There is a massive irony in the fact that Wikipedia is so extremely biased: it was started by someone who cares unusually deeply about neutrality (me), who developed and defended its neutrality policy at great length. Man makes plans, and God laughs.

Jimmy Wales is right. We did originally adopt the neutrality policy to foster "a culture of thoughtful diplomatic honesty." In other words, the way to keep the peace among a radically diverse set of contributors is not to declare winners and losers. But that is only one reason we adopted the policy. There was another key reason: as I have explained, no one has a right to make up your mind for you, especially in an open, global project.
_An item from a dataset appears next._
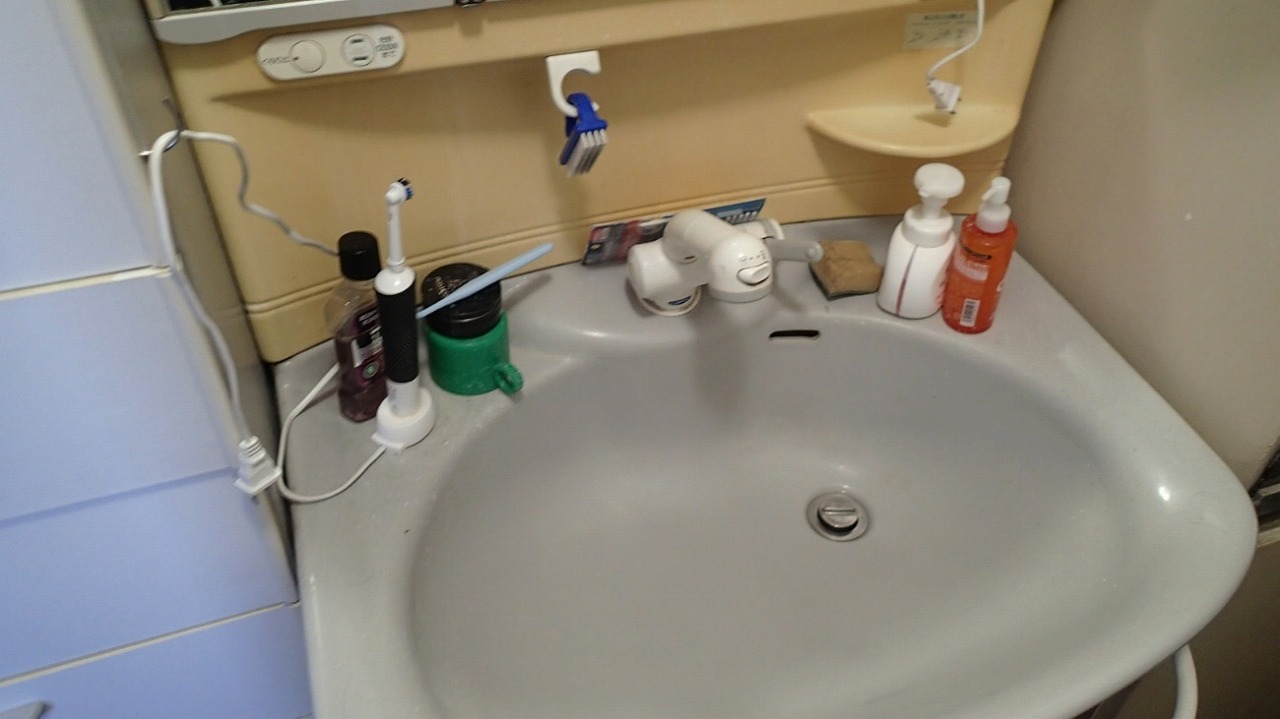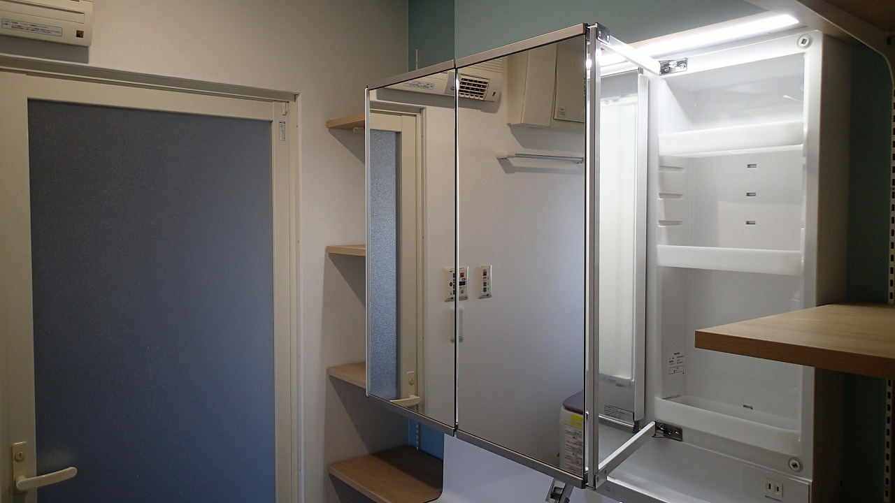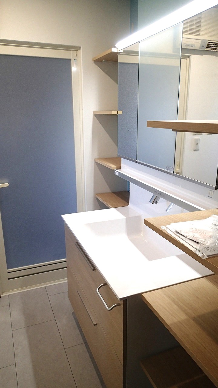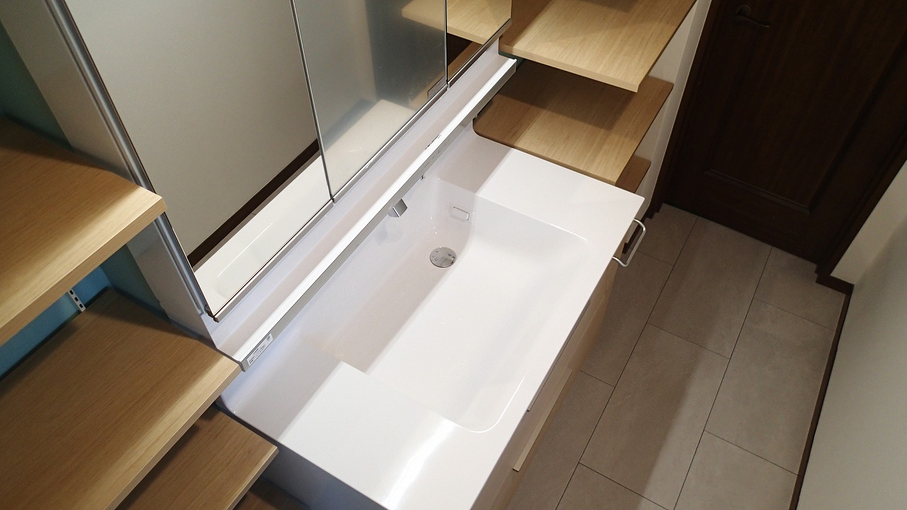 既に浴室リフォームは施工済みだったが洗面化粧台は新築時のままの古いものだった。また、暗いイメージを変えたかった。

Compare how Britannica and Wikipedia introduce the traditional system of Indian medicine called Ayerveda.
Britannica is respectful.
Wikipedia has no fewer than four dismissive epithets in the first paragraph: "quackery," "pseudoscientific," "protoscience," and "unscientific."... Not long ago, this article would have been regarded as a deep offense against multiculturalism. ... It is not the role of an encyclopedia to tell people what to think or to cast aspersions on entire cultures. ... Wikipedia should make *no* claims on its own behalf about what is (effective) medicine; that is not the role of an encyclopedia. It can repeat research on that though. ... You assume that you can detect what "modern medicine," or other scientific or scholarly work, really is, i.e., whether it actually passes muster of the scientific method. ... If the systems of peer review is screwed up, you can't. Nor if medical research is tainted by filthy lucre from Big Pharma. The world is considerably more complicated than the silly children at Wikipedia think it is. Britannica at least understands that much.